Your application must include:
- Cover letter stating specifically which part of your education is most relevant for the position, explaining your motivation and research interests
- Diploma for bachelor's and master's degree
- Transcript of grades/academic record for bachelor's and master's degree
- Explanation of the grading system for foreign education (Diploma Supplement if available)
- Documentation of English proficiency
- References with contact information
- Master’s thesis, and any other academic works
Qualification with a master’s degree is required before commencement in the position. If you are near completion of your master’s degree, you may still apply and submit a draft version of the thesis and a statement from your supervisor or institution indicating when the degree will be obtained. You must document completion of your degree before commencement in the position. You must still submit your transcripts for the master’s degree with your application.
All documentation to be considered must be in a Scandinavian language or English.
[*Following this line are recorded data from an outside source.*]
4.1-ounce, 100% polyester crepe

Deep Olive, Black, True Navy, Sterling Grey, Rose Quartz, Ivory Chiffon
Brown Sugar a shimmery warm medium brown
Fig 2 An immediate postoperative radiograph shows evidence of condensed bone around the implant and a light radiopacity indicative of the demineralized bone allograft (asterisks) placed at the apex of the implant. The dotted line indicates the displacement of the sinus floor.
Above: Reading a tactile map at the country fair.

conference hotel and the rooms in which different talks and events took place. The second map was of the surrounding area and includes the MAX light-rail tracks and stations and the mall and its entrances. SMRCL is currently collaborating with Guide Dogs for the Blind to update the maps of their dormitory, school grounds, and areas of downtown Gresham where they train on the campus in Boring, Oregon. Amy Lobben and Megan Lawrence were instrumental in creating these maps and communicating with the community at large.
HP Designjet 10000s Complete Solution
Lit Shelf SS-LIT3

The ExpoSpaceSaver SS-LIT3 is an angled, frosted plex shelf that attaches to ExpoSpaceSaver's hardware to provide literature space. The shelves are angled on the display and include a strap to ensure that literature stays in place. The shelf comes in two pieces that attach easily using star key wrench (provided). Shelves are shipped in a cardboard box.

Diplomas and transcripts must also be submitted in the original language, if not in English or Scandinavian. We only accept applications and documentation sent via Jobbnorge within the application deadline.
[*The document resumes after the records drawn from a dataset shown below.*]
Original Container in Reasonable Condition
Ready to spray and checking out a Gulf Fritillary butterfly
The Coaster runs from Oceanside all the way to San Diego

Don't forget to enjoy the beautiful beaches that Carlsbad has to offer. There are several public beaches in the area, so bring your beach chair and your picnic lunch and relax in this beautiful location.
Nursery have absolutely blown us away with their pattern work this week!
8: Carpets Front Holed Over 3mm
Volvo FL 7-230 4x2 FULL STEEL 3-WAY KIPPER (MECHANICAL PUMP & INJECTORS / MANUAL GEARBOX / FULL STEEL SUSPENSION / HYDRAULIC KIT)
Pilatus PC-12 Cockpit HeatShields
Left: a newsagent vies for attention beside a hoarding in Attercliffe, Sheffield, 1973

- Involvement in an interesting research project
- A good academic environment with dedicated colleagues
- Flexible working hours and a state collective pay agreement
- Pension scheme through the state pension fund
- More practical information for working and living in Norway can be found here.
The appointment is made in accordance with State regulations and guidelines at UiT. At our website, you will find more information for applicants.
A shorter period of appointment may be decided when the PhD Fellow has already completed parts of their research training programme or when the appointment is based on a previous qualifying position PhD Fellow, research assistant, or the like in such a way that the total time used for research training amounts to three years.
Remuneration for the position of PhD Fellow is in accordance with the State salary scale code 1017. A compulsory contribution of 2 % to the Norwegian Public Service Pension Fund will be deducted.
We process personal data given in an application or CV in accordance with the Personal Data Act (Offentleglova). According to the Personal Data Act information about the applicant may be included in the public applicant list, also in cases where the applicant has requested non-disclosure. You will receive advance notification in the event of such publication, if you have requested non-disclosure.